> **Work instructions**: Without any pictures, reproduce exactly the lines running from the line containing "Spécialistes conseil : 12 représentant-e-s" through the end of the entries.

(Records contained in a dataset)

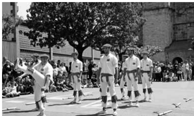
lazko San Trokaz eguneko ezpatadantzarien saioa.

Maiatzaren hirugarren eta laugarren asteburuetarako ere egitarau zabala daukate: Oskorri eta Willis Drummond musika taldeen emanaldiak, esaterako.
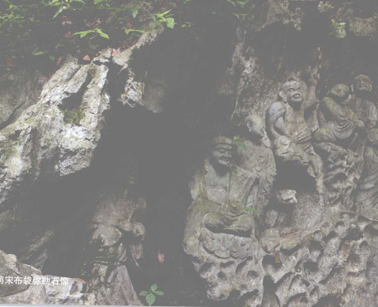
南宋布袋弥勒石像
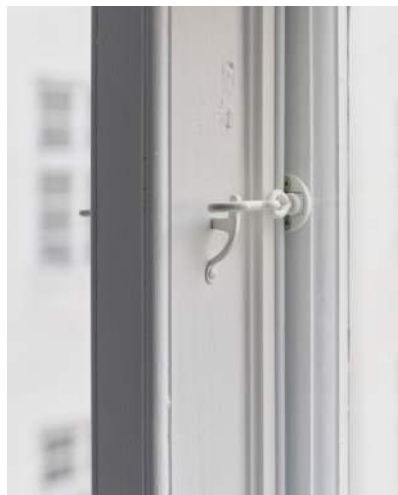
17 Anverferen skrues længere ind efter behov, så vinduesrammen når falsen
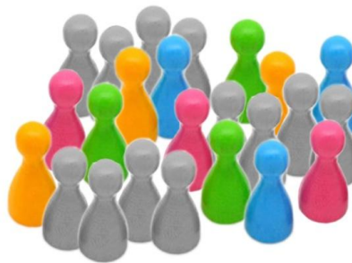
Spécialistes conseil : 12 représentant-e-s
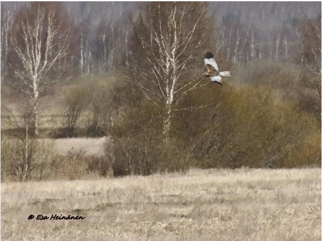
Ruskosuohaukka oli jokapäiväinen näky kosteikoilla.
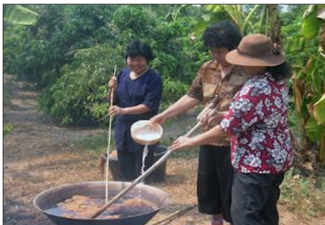
ภาพที่ 5 การย้อมสีฝ้าย ที่มา : บ้านหนองแวง อำเภोजตุรพักตร พิमान จังหวัดร้อยเอ็ด
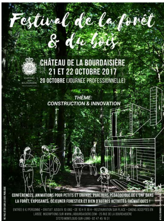
Affiche du Festival 2017

L'intégralité du programme peut être téléchargé sur le site : www.labourdaisiere.com
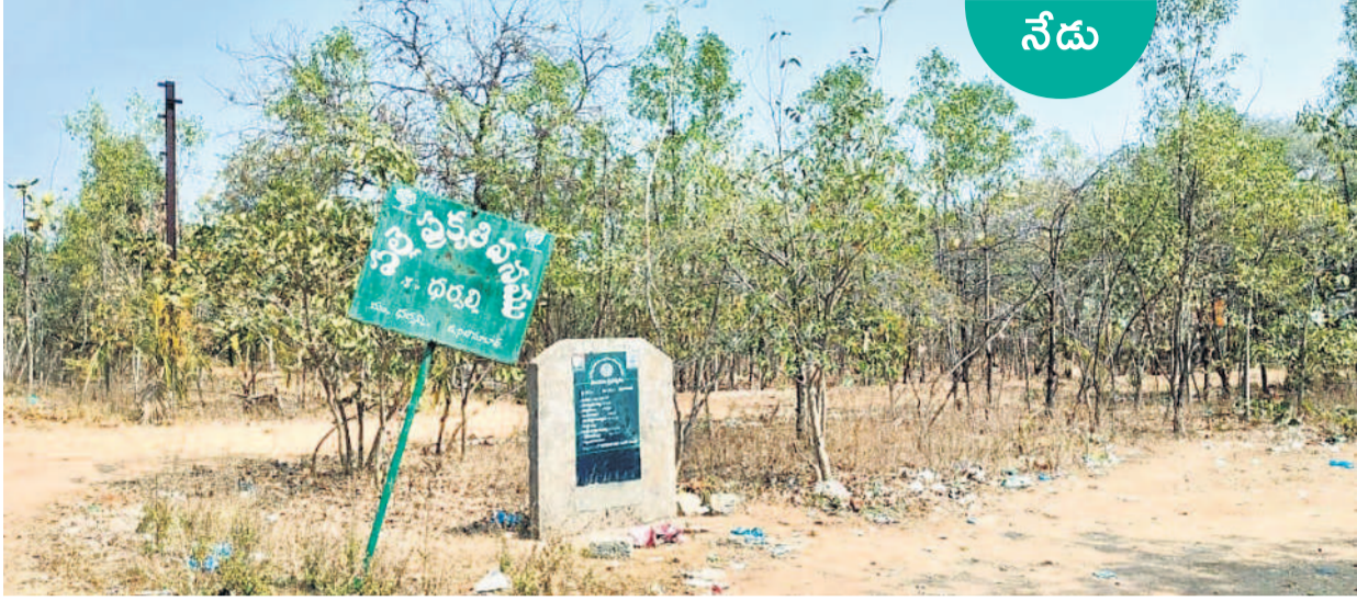
నేడు కళ తప్పి కళావిహీనంగా మారిన పచ్చని ప్రకృతి వనం

> **Response area**:
Spécialistes conseil : 12 représentant-e-s
Ruskosuohaukka oli jokapäiväinen näky kosteikoilla.
ภาพที่ 5 การย้อมสีฝ้าย ที่มา : บ้านหนองแวง อำเภोजตุรพักตร พิमान จังหวัดร้อยเอ็ด
Affiche du Festival 2017

L'intégralité du programme peut être téléchargé sur le site : www.labourdaisiere.com
నేడు కళ తప్పి కళావిహీనంగా మారిన పచ్చని ప్రకృతి వనం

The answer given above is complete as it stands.